China launched its domestic high-speed rail service in 2007 and has the world’s most extensive network of such trains, covering more than 12,000 miles. In 2011, two trains collided near the city of Wenzhou, killing 40 people, raising doubts about the quality and safety of China’s trains and operating system, though there has not been a crash since then.

The country is now trying to export its rail technology, vying for contracts in Mexico, Southeast Asia and elsewhere.  The L.A.-to Vegas route would have been China’s first such contract in the United States.

China’s high-speed rail lines are owned and operated by the China Railway Corp., a state-run entity formerly called the Railway Ministry.

The XpressWest-China venture was announced suddenly in September just days ahead of President Xi Jinping’s visit to the United States. But details were scant.

XpressWest, formerly called DesertXpress, said it had formed a joint venture with China Railway International USA, a consortium led by China Railway. China Railway International stated that it would provide initial capital of $100 million.

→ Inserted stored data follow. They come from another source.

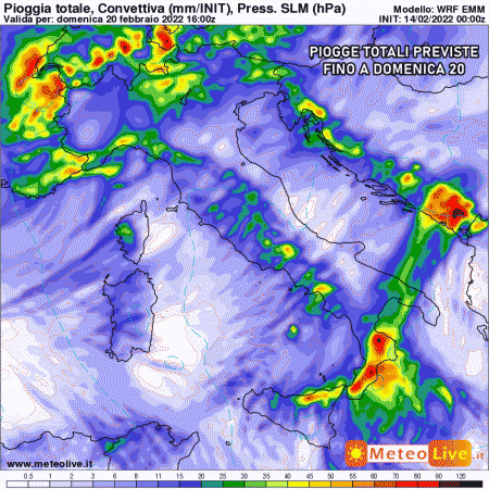 Mercoledì 16 febbraio: maltempo al sud con piogge e rovesci localmente forti su Sicilia, Calabria e Puglia. Residue piogge al centro, migliora al nord.
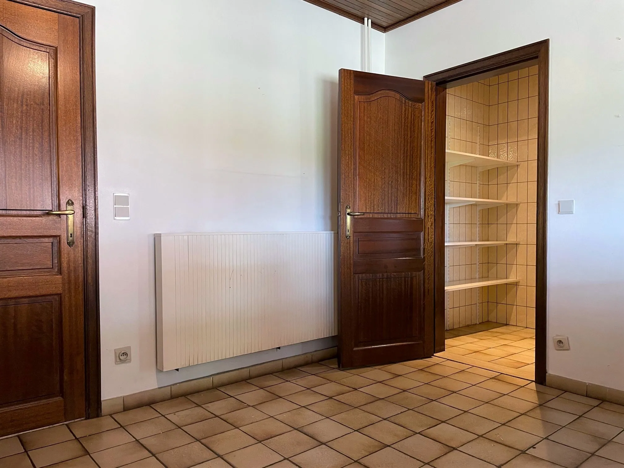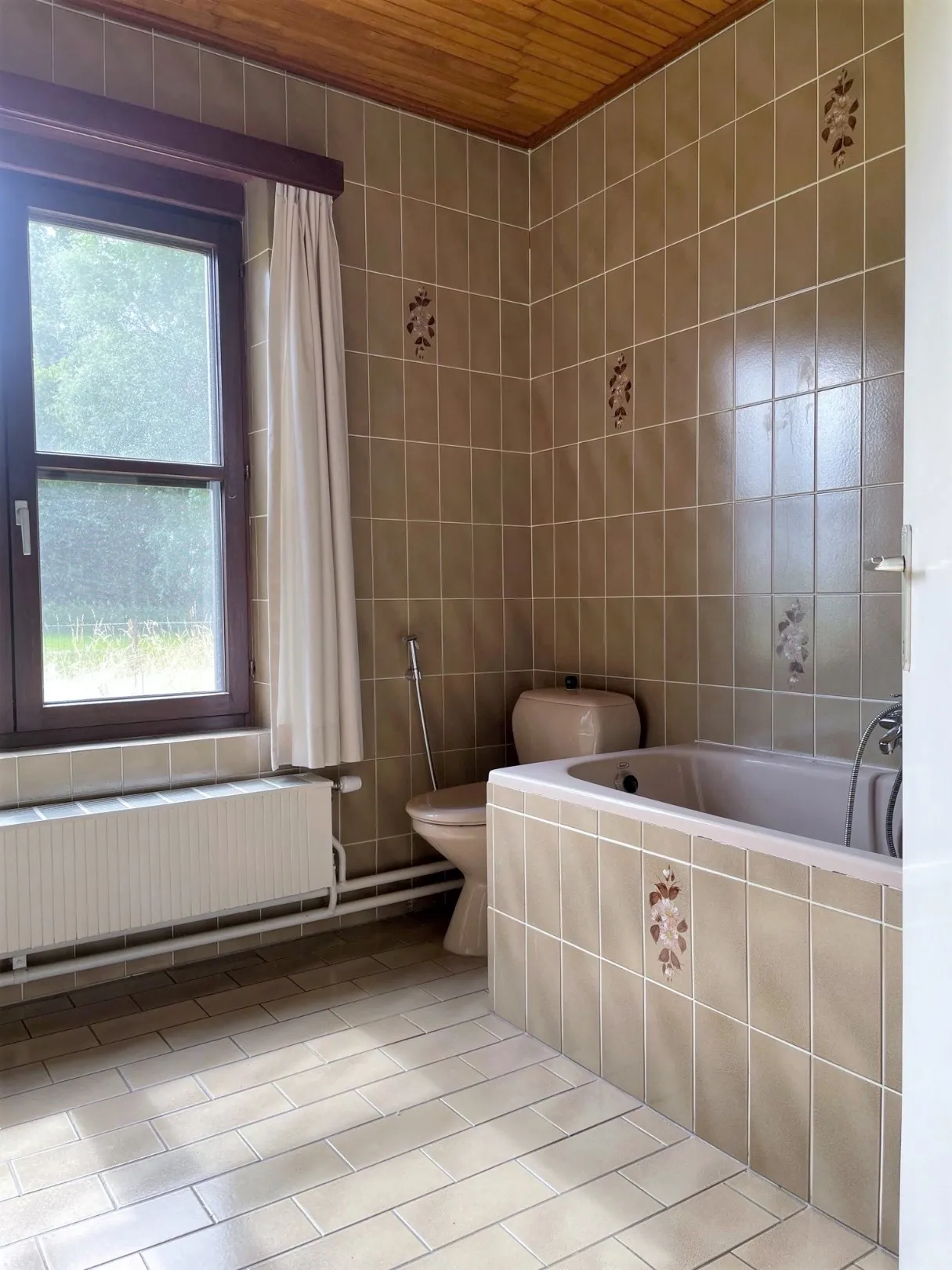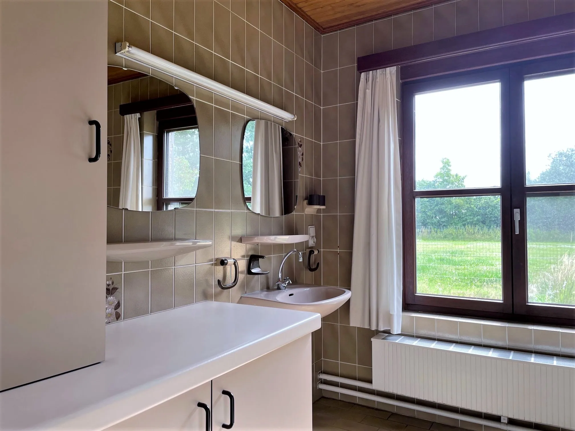 Verder is er nog een wasplaats, gastentoilet en een technische ruimte. Aan de andere kant van het huis zijn 3 gelijkvloerse slaapkamers en 2 badkamers. Niet nieuw, maar goed onderhouden. En…een badje nemen met zicht op je paarden. Of alpaca’s. Of schapen. Of een halve dierentuin. De weide is alleszins groot genoeg.
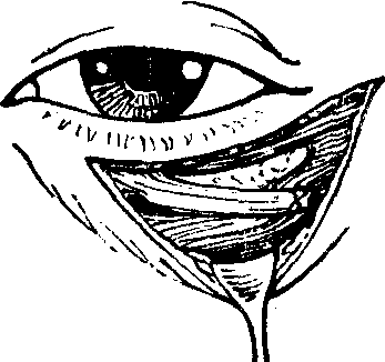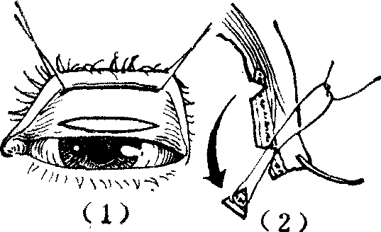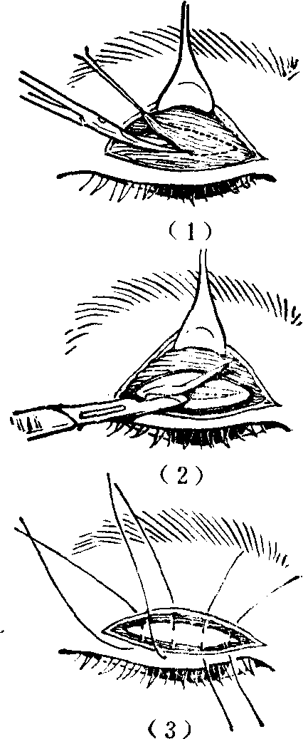 释义 | 眼睑内翻 眼睑内翻眼睑内翻为睑缘向眼内卷转畸形。眼睑内翻后睫毛方向随之转向眼内,称为倒睫。睫毛磨损角膜,引起刺痛、流泪。久之,可因角膜损伤而影响视力,甚至失明。眼睑内翻有原发性和继发性两类。可单发于上睑或下睑。上睑内翻的后果较下睑内翻为严重。 图1 眼轮匝肌肌瓣紧缩缝合术矫治退行性眼睑内翻 (4) 睑结膜或结膜下瘢痕,如睑球粘连,以及最常见的因砂眼所引起的瘢痕性睑内翻。睑球粘连时的内翻,睑缘正常,治疗时应设法将粘连分离松解,内翻即可随之获得矫正。砂眼等所致瘢痕性内翻,睑缘多有变形。治疗可视内翻程度的轻重选用适当方法。程度轻微者,可将向眼球倾倒的局部睫毛行电解脱毛术去除。程度严重者,睑板组织增厚,并呈凹面过度向内的弯曲弧面变形时,可行Hotz手术,或睑结膜睑板楔状复合组织游离移植术矫治才可望收效。 Hotz手术,适用于上睑瘢痕性内翻。手术原则,为顺沿相当正常睑缘上皱襞部位所作切口,根据内翻程度的轻重,在切口上缘切除一块宽度适当的梭形皮肤及位于其底层的眼轮匝肌(图2 (1))。显露睑板,用锐刀将增厚的睑板组织削薄(图2(2))。缝合时,由创口近睑缘侧皮肤引入缝线,穿连睑板前层组织,再从另侧创缘牵出缝线。缝线暂勿结扎,俟缝合完毕,再一一收紧打结(图2 (3))。缝合后,可使睑缘区皮肤与睑板愈着,并将睑缘向外翻转。缝合时穿连睑板的位置愈高,则向外翻转的作用愈强。如原为单眼皮,术后可出现双眼皮。 图2 Hotz手术矫治上睑瘢痕性内翻 睑结膜睑板楔状复合组织游离移植术矫治内翻,用于上睑。手术原则,为在暂时保持上睑向外翻转的情况下。于接近睑板上缘部位,切取宽约2mm 的楔状睑结膜睑板复合组织片,创面任其自愈。再沿睑缘紧靠向内倒转的睫毛后方作与睑缘平行但向上呈45°角倾斜的切口,以防损伤睫毛的毛囊毛根。将所取楔状睑结膜睑板复合组织片嵌植于睑缘切口内缝合固定(图3)。 图3 睑结膜睑板楔状复合组织游离移植矫治上睑瘢痕性内翻 ☚ 眼睑外翻 眼睑松垂症 ☛ |
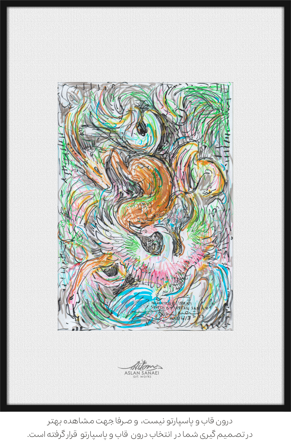 بهطور کلی میتوان گفت این کار تلفیقی از مینیاتور ایرانی و اکسپرسیونیسم مدرن است؛ جایی که روح روایت و نمادهای کهن در کنار آزادی تکنیکی و بیانی معاصر قرار میگیرند تا تصویری میان افسانه و انرژی لحظه خلق شود.
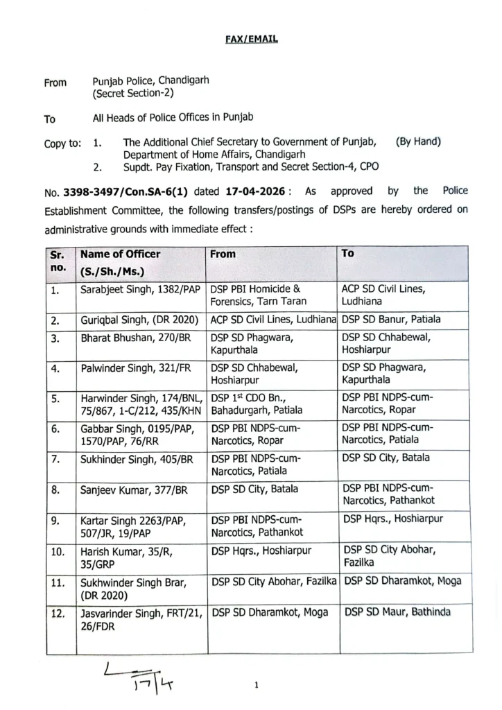 NewsBreaking NewsPunjabpunjab news ਪੰਜਾਬ ਸਰਕਾਰ ਨੇ ਕੀਤੇ ਪੁਲਸ ਅਧਿਕਾਰੀਆਂ ਦੇ ਵੱਡੇ ਪੱਧਰ ਤੇ ਤਬਾਦਲੇ By Rajesh Aggarwal - April 17, 2026 0 32 FacebookTwitterPinterestWhatsApp ਚੰਡੀਗੜ੍ਹ, 17 ਅਪ੍ਰੈਲ 2026 : ਪੰਜਾਬ ਸਰਕਾਰ (Punjab Government) ਨੇ ਪੁਲਸ ਪ੍ਰਸ਼ਾਸਨ ‘ਚ ਵੱਡਾ ਫੇਰਬਦਲ ਕਰਦੇ ਹੋਏ 129 ਡੀ. ਐੱਸ. ਪੀਜ. ਅਤੇ ਹੋਰ ਪੁਲਸ ਅਧਿਕਾਰੀਆਂ ਦੀਆਂ ਤਬਾਦਲੇ (Transfers) ਦੇ ਹੁਕਮ ਜਾਰੀ ਕੀਤੇ ਹਨ। ਜਿਨ੍ਹਾਂ ਵਿਚ :
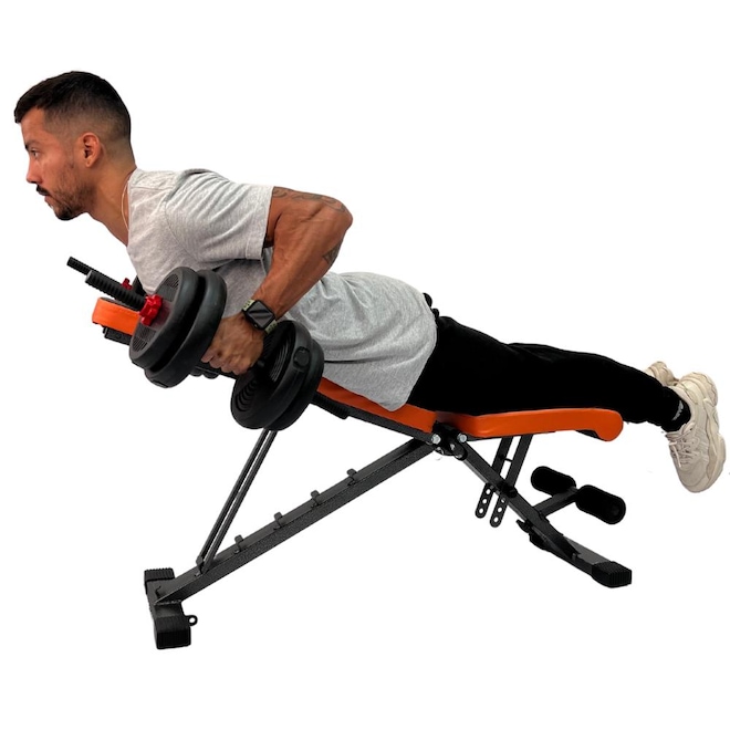 Os 7 ajustes do encosto combinados com as quatro posições reguláveis do assento proporcionam ótimas posturas para malhar bíceps, tríceps, peitoral e core.

Yang Zhongmin, chairman of China Railway International, said in September that the deal would be a “landmark in overseas investment for the Chinese railway sector and serve as a model of international cooperation.”

A Los Angeles-to-Las Vegas bullet train has long been discussed. XpressWest had been talking about a 185-mile route that would run adjacent to heavily traveled Interstate 15 from Las Vegas to Victorville, 85 miles northeast of downtown Los Angeles.

But in wake of the September announcement, Chinese officials described the project as a 230-mile route with an additional stop in Palmdale and eventual service throughout the Los Angeles area using some of the same track that would be used by the publicly backed California high-speed rail project.

“The team at XpressWest is optimistic CRI and its affiliates will one day succeed in establishing a viable presence in the United States rail market; however, our ambitions outpace CRI’s ability to move the project forward timely and efficiently,” XpressWest said Wednesday after terminating the deal. “XpressWest is undeterred by this development and remains dedicated to completing its high-speed passenger rail project.”

XpressWest would now “aggressively pursue” other available development partnerships and options “expected to result in a more efficient and cost-effective project implementation experience,” Chief Executive Tony Marnell said.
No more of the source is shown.